In the case of ordinary wills, it is quite hard to convince three witnesses (four with the notary)
deliberately to lie. And then their lies could be checked and exposed, their whereabouts and
acts on the particular day, the likelihood that they would be called by the testator, their intimacy
with the testator, etc. And if they were intimates or trusted friends of the testator they are not
likely to end themselves to any fraudulent scheme to distort his wishes. Last but not least, they
can not receive anything on account of the will.

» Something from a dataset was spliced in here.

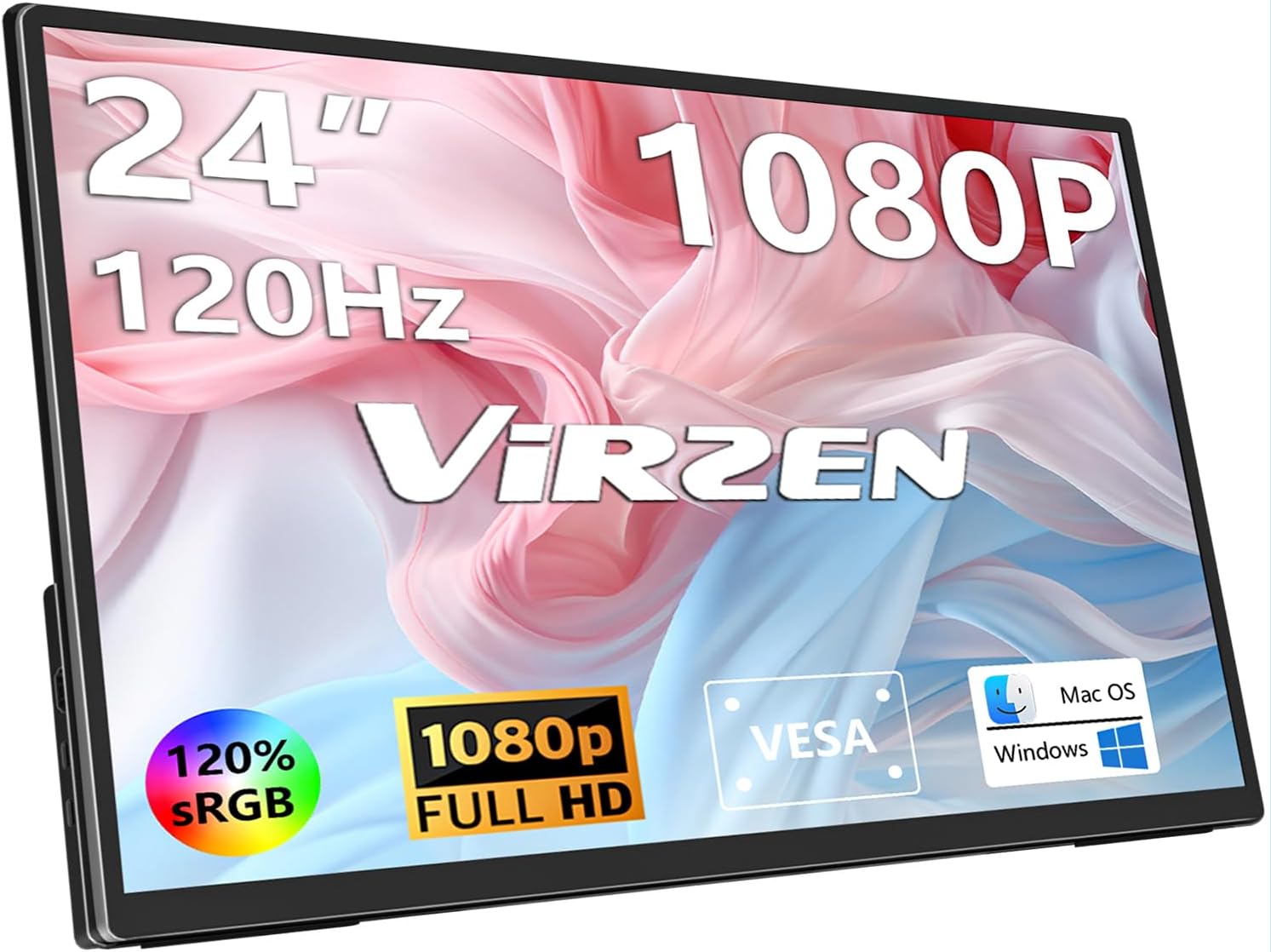 - 【Slim, Borderless & Portable Design】 Compared to bulky traditional monitors, the Virzen 24-inch portable monitor strikes the perfect balance between screen size and portability. Its borderless design and ultra-slim profile allow it to fit easily into a backpack, making it highly portable! Whether you're at the office, a Coffee Shop, or traveling, this portable laptop monitor can be instantly pulled out and used as a second or extender screen, boosting productivity while adding entertainment value—the perfect travel companion for laptops and smartphones.
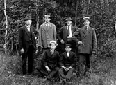 ELVA MÄN SITTER OCH SPELAR KORT I GRÄSET INTILL EN STENMUR.

Whereas in the case of holographic wills, if oral testimony were admissible only one man could
engineer the fraud this way: after making a clever or passable imitation of the handwriting and
signature of the deceased, he may contrive to let three honest and credible witnesses see and
read the forgery; and the latter, having no interest, could easily fall for it, and in court they would
in all good faith affirm its genuineness and authenticity. The will having been lost the forger
may have purposely destroyed it in an "accident" the oppositors have no way to expose the
trick and the error, because the document itself is not at hand. And considering that the
holographic will may consist of two or three pages, and only one of them need be signed, the
substitution of the unsigned pages, which may be the most important ones, may go undetected.

One more fundamental difference: in the case of a lost will, the three subscribing witnesses
would be testifying to a fact which they saw, namely the act of the testator of subscribing the
will; whereas in the case of a lost holographic will, the witnesses would testify as to their opinion
of the handwriting which they allegedly saw, an opinion which can not be tested in court, nor
directly contradicted by the oppositors, because the handwriting itself is not at hand.

Wherefore, the rejection of the alleged will must be sustained.